The family, including three sons, moved to Poona seeking employment. The boys were taken under the wing of a florist who taught them the secrets of the trade. Their proficiency in growing and arranging became well known and they adopted the name Phule (flower-man) in place of Gorhe.

Their fulfilment of commissions from the PeshwaBaji Rao II, for flower mattresses and other goods for the rituals and ceremonies of the royal court, so impressed him that he granted them 35 acres (14 ha) of land based on the Inam system, whereby no tax would be payable upon it. The oldest brother managed to take sole control of the property, leaving the younger two siblings, Jyotirao Phule’s father, Govindrao, to continue farming and also flower-selling.

Govindrao married Chimnabai and had two sons, of whom Jyotirao was the youngest. Chimnabai died before he was aged one.

The then backward Mali community did not give much significance to education and thus after attending a primary school where he learnt the basics of reading, writing, and arithmetic, Jyotirao was withdrawn from school by his father. He joined the other members of his family at work, both in the shop and on the farm.

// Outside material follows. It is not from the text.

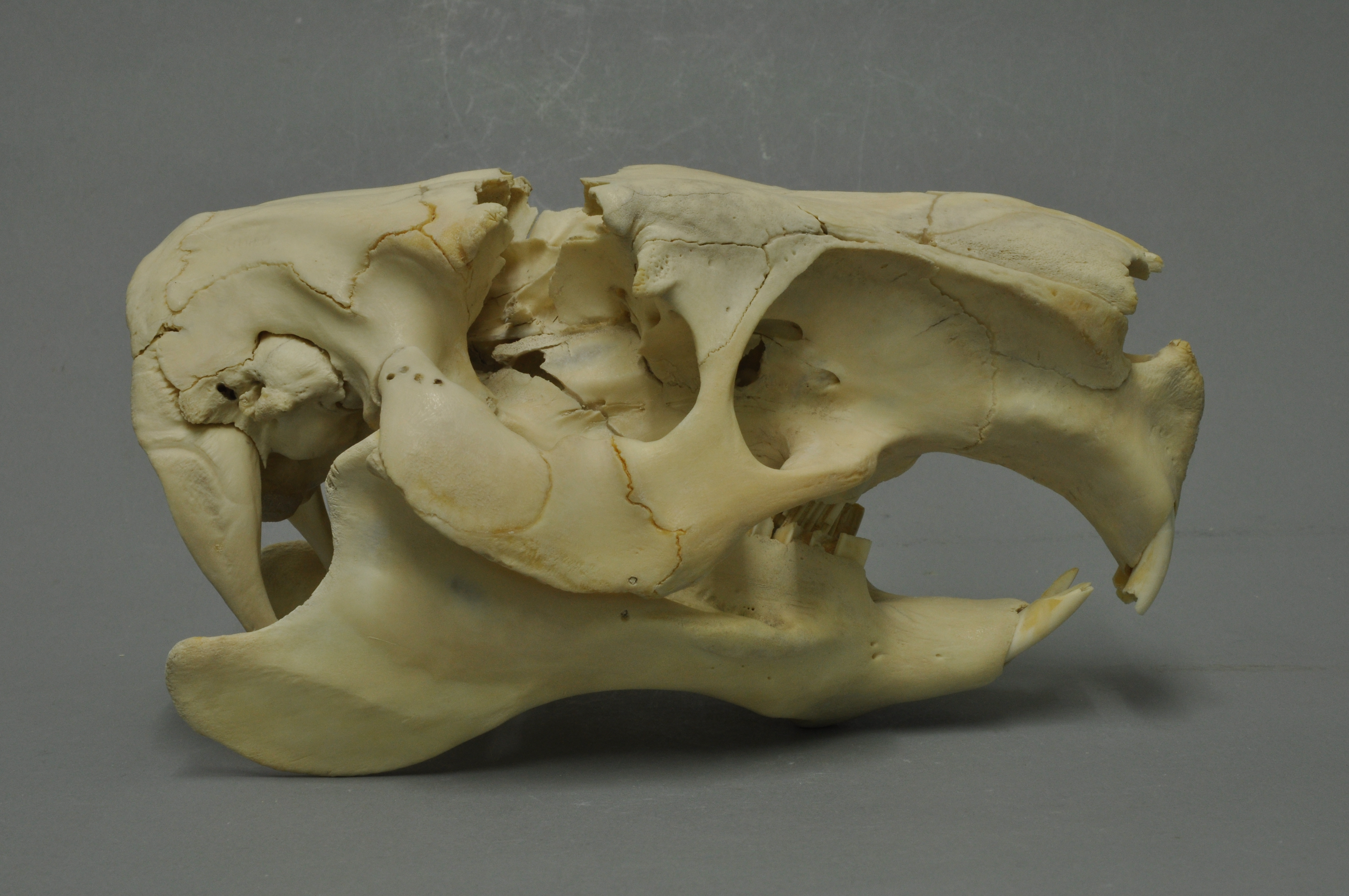 Capybara Hydrochoerus hydrochaeris, skull, Coll. Museum Wiesbaden

However, a man from the same Mali caste as Phule recognised his intelligence and persuaded Phule’s father to allow him to attend the local Scottish Mission High School.

Phule completed his English schooling in 1847. As was customary, he was married at the young age of 13, to a girl from his Mali community, chosen by his father.

The Turning Point

The turning point in his life was in 1848 when he attended the wedding of a Brahmin friend. Phule participated in the customary marriage procession but was later rebuked and insulted by his friend’s parents for doing so. They told him that he being from a Shudra caste should have had the sense to keep away from that ceremony. This incident profoundly affected him and shaped his understanding of the injustice inherent to the caste system.

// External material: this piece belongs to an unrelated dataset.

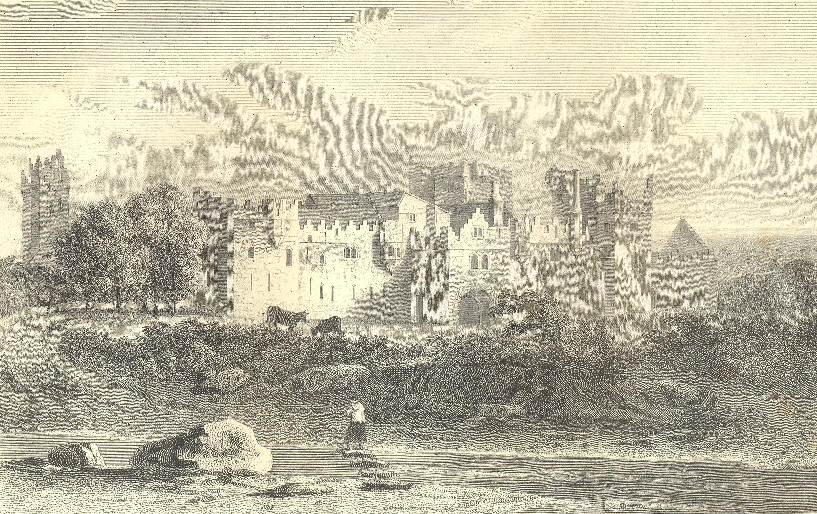 This illustration is from: Monasticon Hibernicum, by Mervyn Archdall, extended edition of Patrick F. Moran, Dublin, 1873, from a separate page between pp. 48 and 49. Following caption is given: “View of the Antient Archiepiscopal Palace. Tallaght, in the County of Dublin.” (sic!)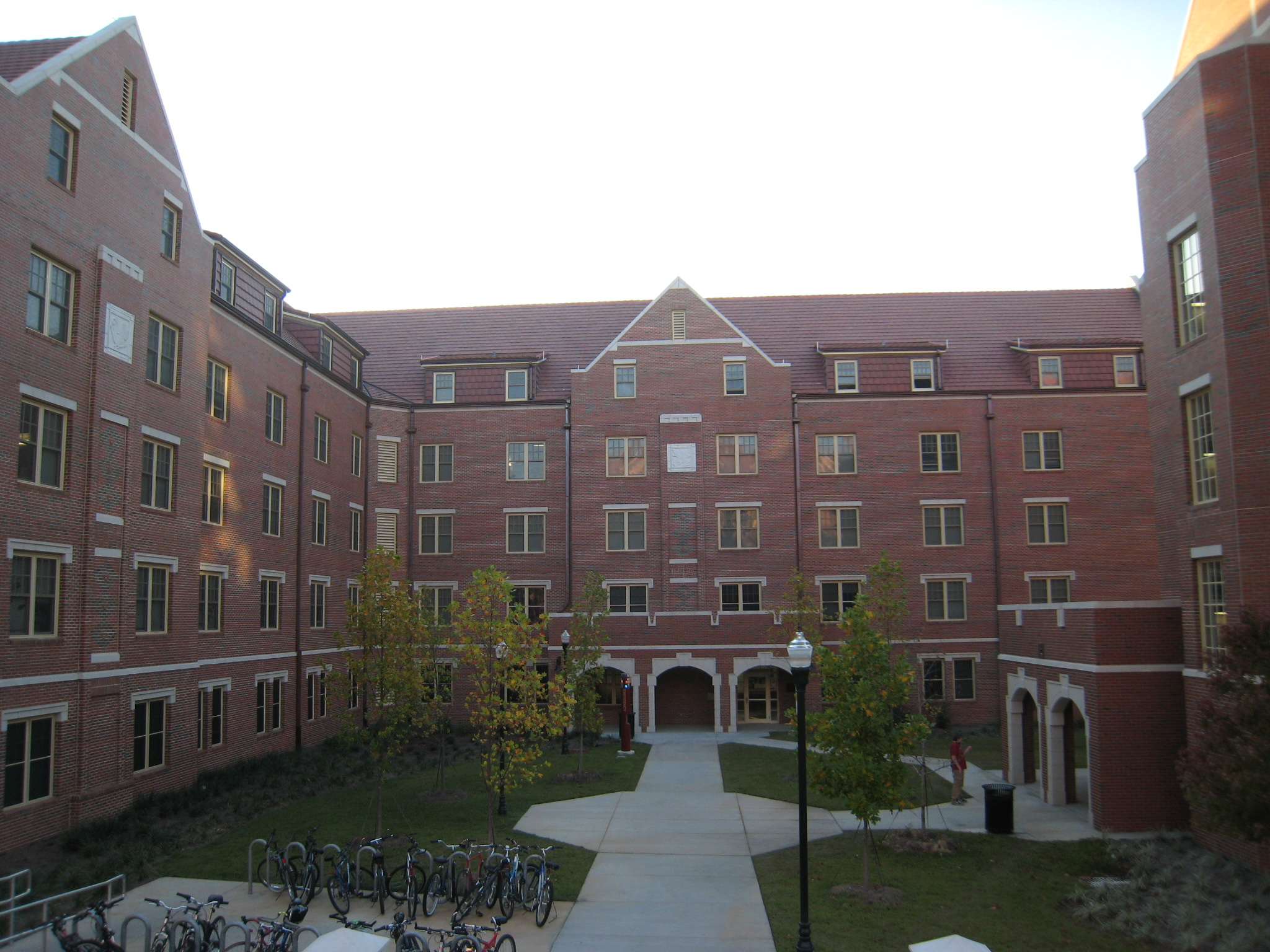 Wildwood Hall, FSU

Views on religion and caste

Phule appealed for the reestablishment of the reign of mythical Mahabali (King Bali) which predated Aryans’ treacherous coup d’etat. He proposed his own version of the Aryan invasion theory that the Aryan conquerors of India, whom the theory’s proponents considered to be racially superior, were barbaric suppressors of the indigenous people.

He believed that they had instituted the caste system as a framework for subjugation and social division that ensured the pre-eminence of their Brahmin successors.

He saw the subsequent Muslim conquests of the Indian subcontinent as more of the same sort of thing, being a repressive alien regime, but took heart in the arrival of the British, whom he considered to be relatively enlightened and not supportive of the varnashrama dharma system instigated and then perpetuated by those previous invaders.

In his book, Gulamgiri, he thanked Christian missionaries and the British colonists for making the exploited castes realise that they were worthy of all human rights. The book, whose title transliterates as slavery and which concerned women, caste and reform, was dedicated to the people in the US who were working to end slavery.

Phule saw Vishnu Avatars as a symbol of oppression stemming from the Aryan conquests and took Mahabali (Bali Raja) as a hero. His critique of the caste system began with an attack on the Vedas, the most fundamental texts of Hindus. He considered them to be a form of false consciousness.

He is credited with introducing the Marathi word Dalit (broken, crushed) as a descriptor for those people who were outside the traditional varna system.

At an Education Commission hearing in 1882, Phule called for help in providing education for lower castes. To implement it, he advocated making primary education compulsory in villages. He also asked for special incentives to get more lower-caste people into high schools and colleges.[

The Satyashodhak Samaj

On 24 September 1874, Phule formed Satyashodhak Samaj to focus on the rights of depressed groups such as women, the Shudra, and the Dalit.

Through this Samaj, he opposed idolatry and denounced the caste system. The Satyashodhak Samaj campaigned for the spread of rational thinking and rejected the need for priests. Its ideals include the well-being, happiness, unity, and equality of all human beings with easy religious principles and rituals.

The membership of the samaj included Muslims, Brahmins and government officials.